Müzede 4 gün geçiren bir turizm firması yetkilisi Sibel Tuna da müzeyi turist gibi değil keşif ruhuyla geldiklerini söyledi.
Gezgin olmanın ve bu gibi yerleri keşfetmenin çok değerli olduğunu dile getiren Tuna teknolojinin karşısında dokunuşun kazanacağına inandıklarını ifade etti.

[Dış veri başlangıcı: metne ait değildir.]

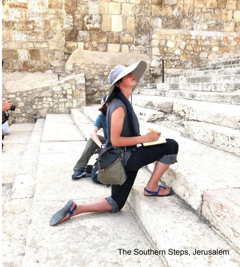
The Southern Steps, Jerusalem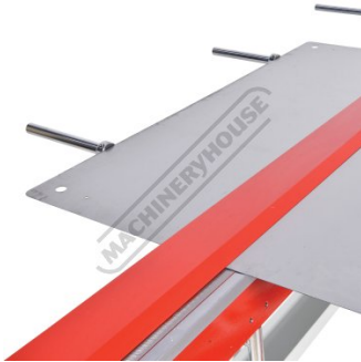
Material Length Stop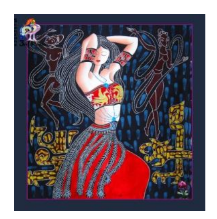
Figure 5. Miao's batik crafts[16]

Leather drums of Miao, Waving dance of Tujia, embroidery, pick embroidery, brocade, batik, paper cutting, silver, and bamboo are extremely rich ethnic characteristic handicraft (Figure 5) [15].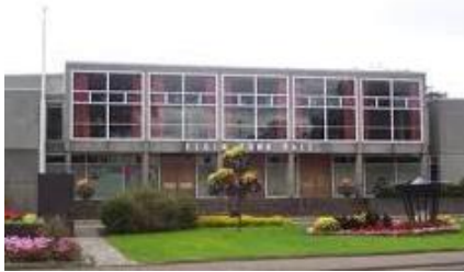
Elgin Town Hall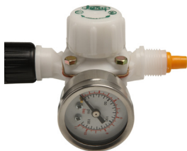
Flow Rate Regulator with Pressure Gauge U9634.00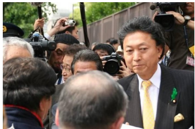
Suzuki Muneo in Ainu garb and Hatoyama Yukio greeting marchers during the May demonstration, a month prior to indigenous recognition.

In spite of the packaging, at base, however, there has been very little difference between the structure of these recent developments and those which led to the creation of the Ainu Cultural Promotion Act more than ten years ago 24 . The political meanderings that set the stage for the drafting of that Act took place during the 1990s realignment of Japanese politics, in which the LDP lost power for the first time in the postwar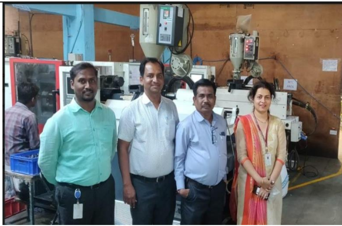
Faculty Visit to Dankel Solutions Pvt. Ltd.(PO12)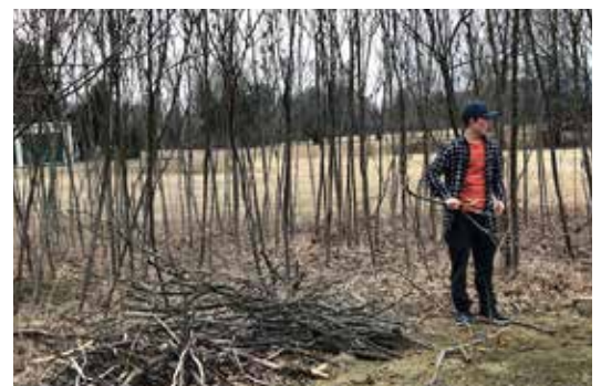
Enjoying a day in early spring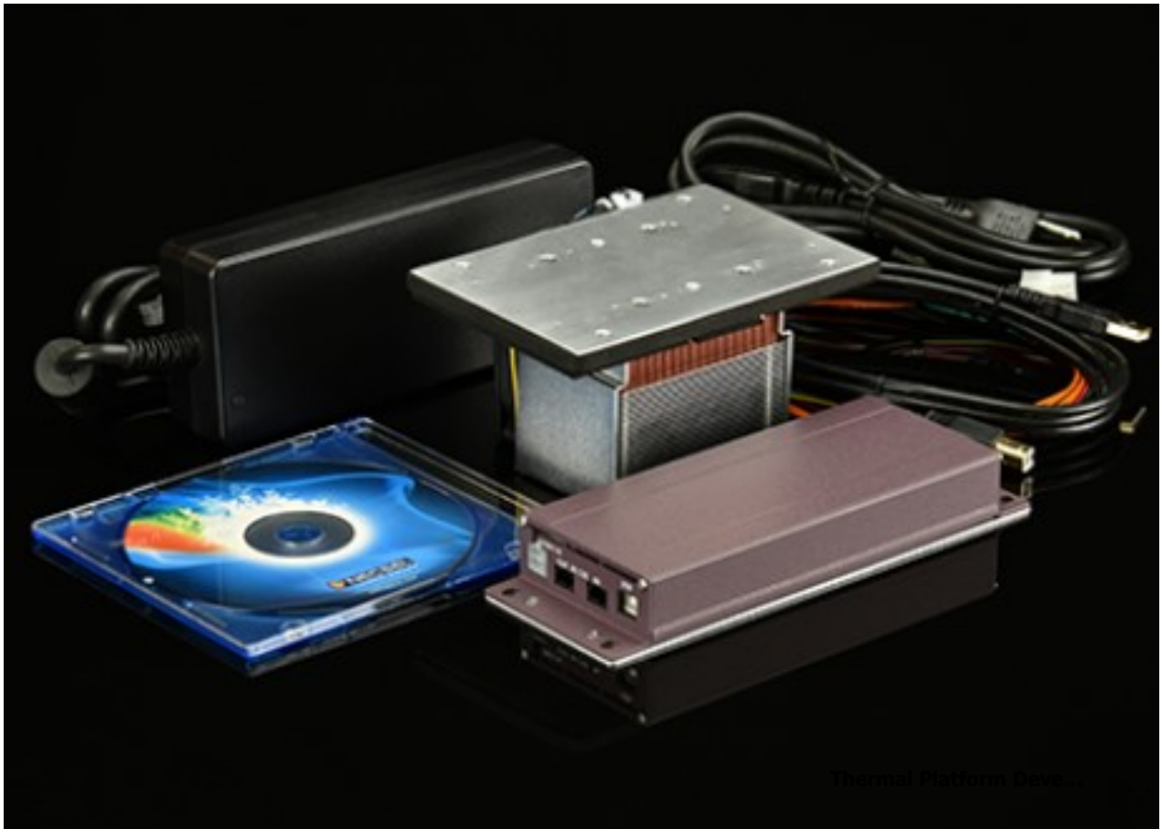
Thermal Platform Device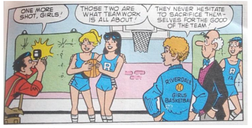
Figure 2. "Teamwork." B&V Double Digest No. 121 2004.

They follow whatever fashion is in and chase popular currents. B&V also belong to what would seem to be a structurally "conventional" family: both parents at home, a stable household in a pretty neighborhood, a sibling or two (in the case of Betty; Veronica's an only child), and an occasional pet.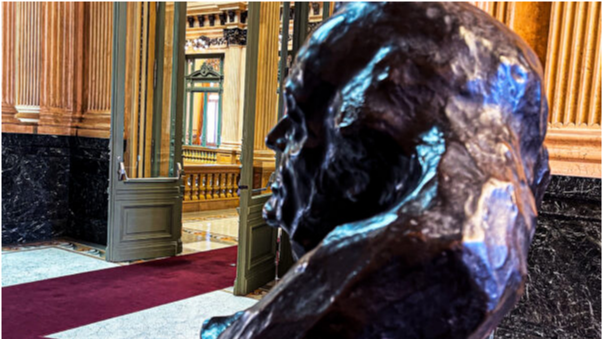
Partial view of Teatro Colón's Halls.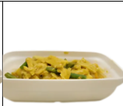
Chicken Korma on Rice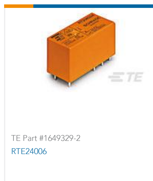
TE Part #1649329-2 RTE24006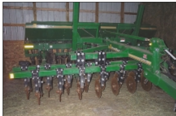
A no-till drill with fluted coulters for ease in cutting through crop residue.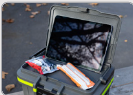
TABLET/PHONE EASEL SLOT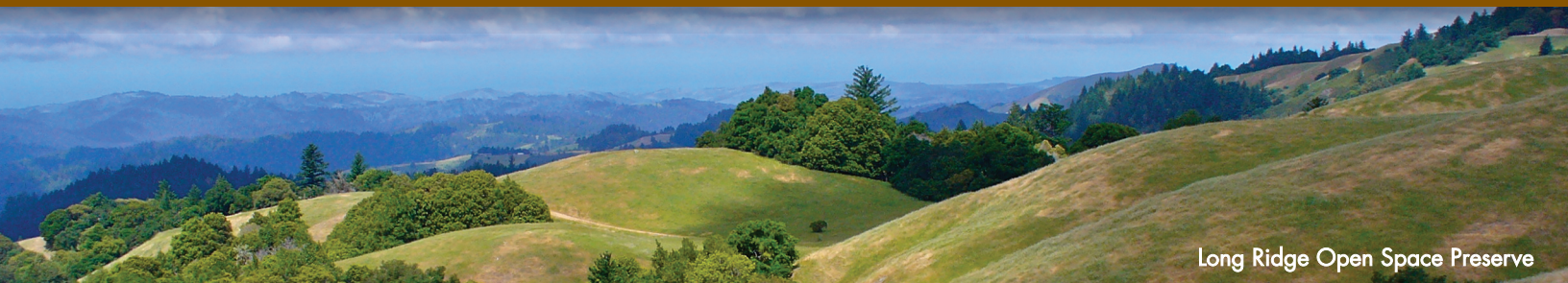
Long Ridge Open Space Preserve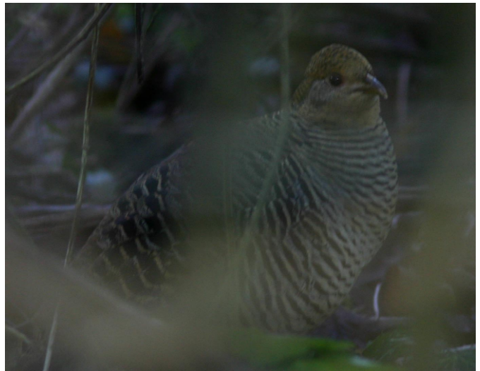
presumed escape female Golden Pheasant - Horn Street Lake (Ian Roberts)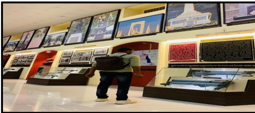
Field visit 2.0 (National War Memorial) on 20-11-2022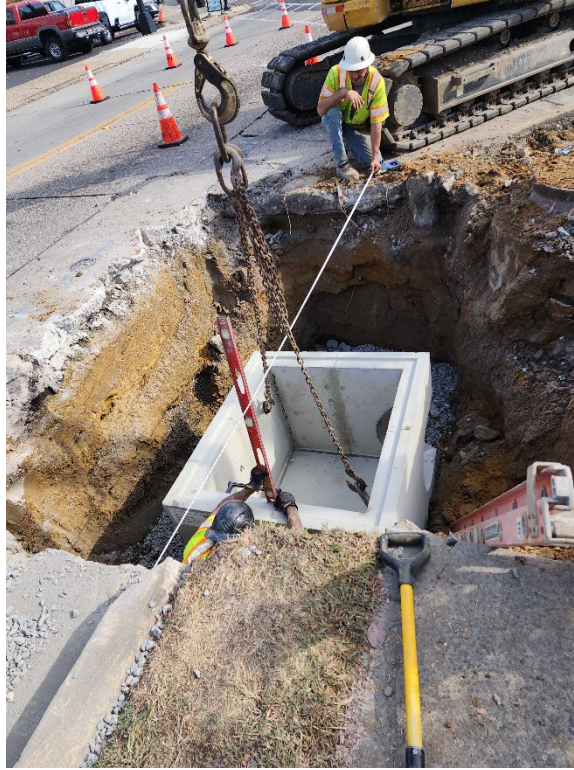
Figure 4: Installation of new drainage inlet near the intersection of Market and Kings Hwy.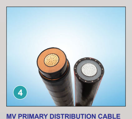
MV rated 35kV with TRXLPE insulation and XLPE jacket, with AL or CU conductors; used for runs to transformers. Features "Discharge-Free" design.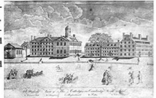
View of Harvard college. Engraved in 1767 by Paul Revere.

But people will never forget how you made them feel'.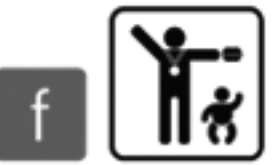
f SPORT PERSONALITIES UNDULY INFLUENCING CHILDREN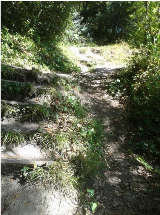
Step route before remedial work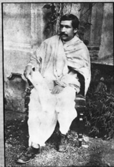
SJT. AUROBINDO GHOSE.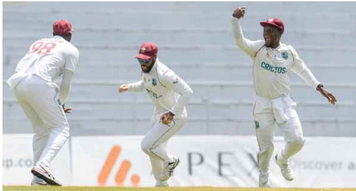
ST GEORGE'S: John Campbell (center) and Nkrumah Bonner (right) of West Indies celebrate the dismissal of Joe Root of England during the 3rd day of the 3rd and final Test between West Indies and England at Grenada National Cricket Stadium on March 26, 2022.

Former England captain Mike Atherton, however, was adamant his position as skipper was "untenable". "As was obvious to anyone who was present in Australia, and should have been obvious to anyone who wasn't, Root has reached the end of the road as captain," Atherton wrote in The Times.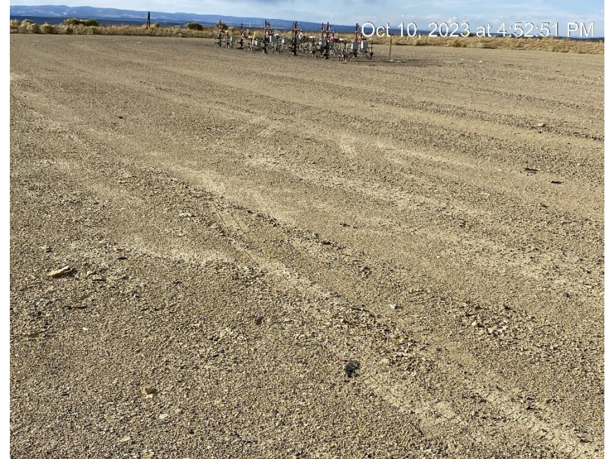
Well pad from Southeast corner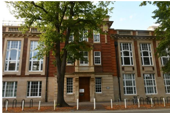
Dyson Perrins Lab (Chemistry)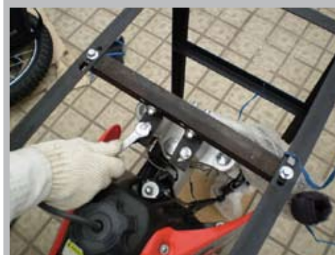
Remove the two bolts from the metal crate attached to the handle bar clamp using a 10mm wrench.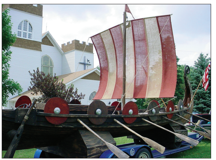
The colorful Viking ship from Wausa, NE, will be on display.

The Sioux Valley Singers, a Norwegian singing society founded in 1913, will start off the 7 p.m. program on the north lawn of the church. The Singers includes four area choruses including the Grieg Male Chorus, Canton; the Nordic Male Chorus, Sioux City; the Norse Glee Club, Sioux Falls; and the Minnehaha Mandskor, Sioux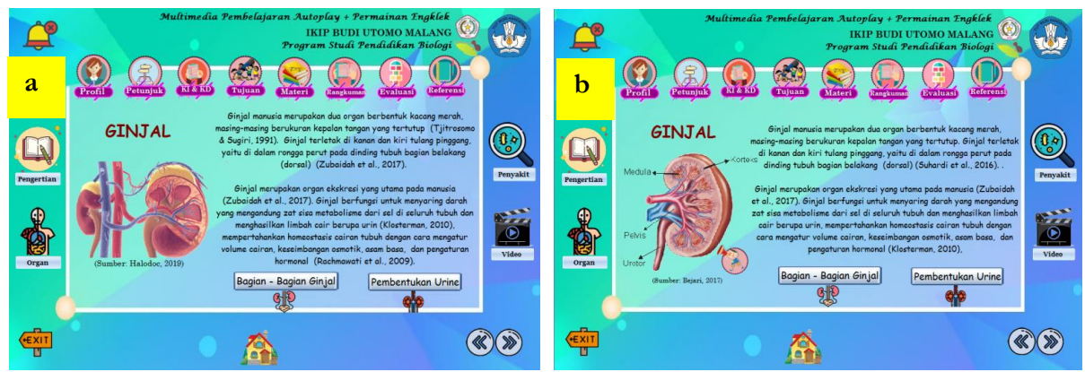
Figure 3(a) Media material before and Figure 3(b) Media material after including valid or clear sources

(Munawaroh, 2017) and is related to students' motor activities when jumping over boxes drawn on the ground or floor (A. B. U. Putri & Hasyim, 2017). The display of the media after being given input by the validator and corrected can be seen in Figure 2(b) where the basic competency points 4.10 have been included. Subsequent inputs and improvements will be seen in Figures 3(a) and 3(b) below.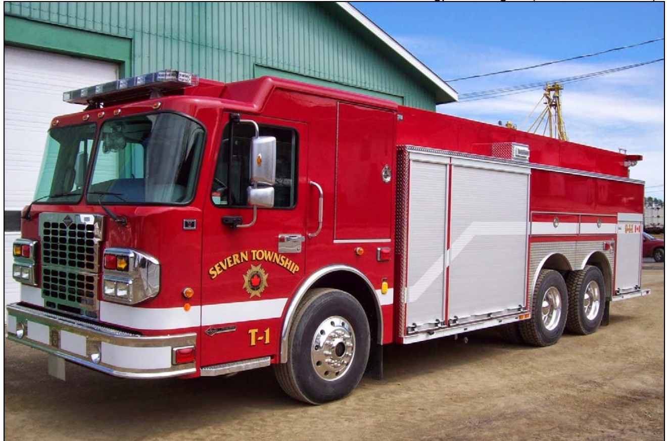
Severn Township received this 2014 Spartan Metro Star X/Metalfab 2500 gallon tanker (Metalfab Fire)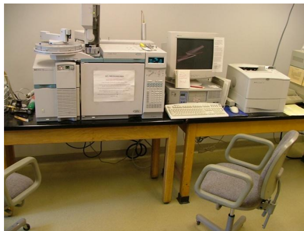
The Chemistry Department's Agilent GC-MS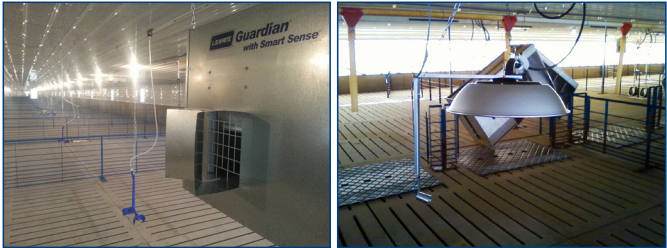
Works with a wide range of house controls that offer a 0-10 volt signal.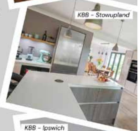
KBB - Stowupland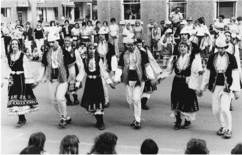
FIGURE 23. A performance of folk ensembles from the Midwest in New Lexington, Ohio, in June 1978.

born in Bulgaria, wished to commemorate the 1300th anniversary by establishing an annual prize fund for art students in Bulgaria. 35 An art enthusiast, Dimitar Batoev, wanted to show his work during a visit to Bulgaria, despite the objection of the Union of Bulgarian Artists (which did not approve of the quality of the artwork), and wrote to Zhivkova personally to lobby for his exhibit. 36 Some Americans, with the urging of their Bulgarian friends, also visited the country and started writing media dispatches and travelogues on Bulgarian topics. 37 As is clear from these examples, the nation-speak of official Bulgaria had resonance among some members of the colony in the United States. As celebration of the 1300th anniversary ignited national pride and Bulgarian diplomats provided organizational and financial resources, grassroots reactions revealed that a Bulgarian diaspora, united through nation-speak, was now in the making.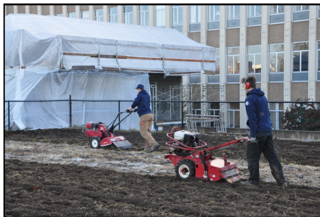
Tilling garden plots after spreading compost and lime.

January kicked off a great start to 2015, with myself and 11 other Individual Placements participating in farm work for the Kiwanis Food Bank Garden and helping out at GRUB; a local community garden, for MLK Day. Our group weeded, spread manure, limed fields, turned compost, removed blackberry, moved downed trees from the property and overall got down and dirty to make a difference! Volunteering at these places was an excellent way to give back to my community because each organization has created activities and programs that benefit various groups of people in Olympia. The Kiwanis garden grows a large supply of fresh vegetables for the food bank downtown and GRUB participates in CSA boxes, helps build garden boxes for people, and has developed their own school for youth to come learn about gardening and social issues affecting the world today. Volunteering for these organizations was an incredibly satisfying way to spend MLK Day and I feel like I have truly helped my community.

Tuna metropollerdeki bir çok kişinin bu gibi yerlere ve aktivitelere ihtiyaç duyduğunu aktararak şunları kaydetti:
"Biz genç ekibimizle birlikte buraya geldik. Gerçekten çok güzel bir dönüşüm yaşıyoruz. Pazartesi dopdolu, aydınlanmış, mutlu bir şekilde işe başlayacağız. Burada sadece kültürel miras değil, doğadan bir parça bulmak mümkün. Yerel lezzetlerden tatmak mümkün ve bunlar gerçekten büyük kentlerde en çok ihtiyacımız olan şeyler. Bunlara ek olarak buraya çok büyük bir emek verilmiş. Çok değerli bir müze var. Uluslararası alanda tanınmış ve yaptığı çalışmalar tescil edilmiş. O zaman bizim aslında çok uzaklara gitmemize gerek yok. İstanbul, Ankara, İzmir'den yurdumuzu keşfetmemiz gerekiyor. Biz bunun öncülüğünü yapmak istiyoruz. Bunu anlatmak için 4 günümüzü ayırdık, keşfediyoruz, tanıyoruz ve öğrendiklerimizi hissettiklerimizi paylaşıyoruz."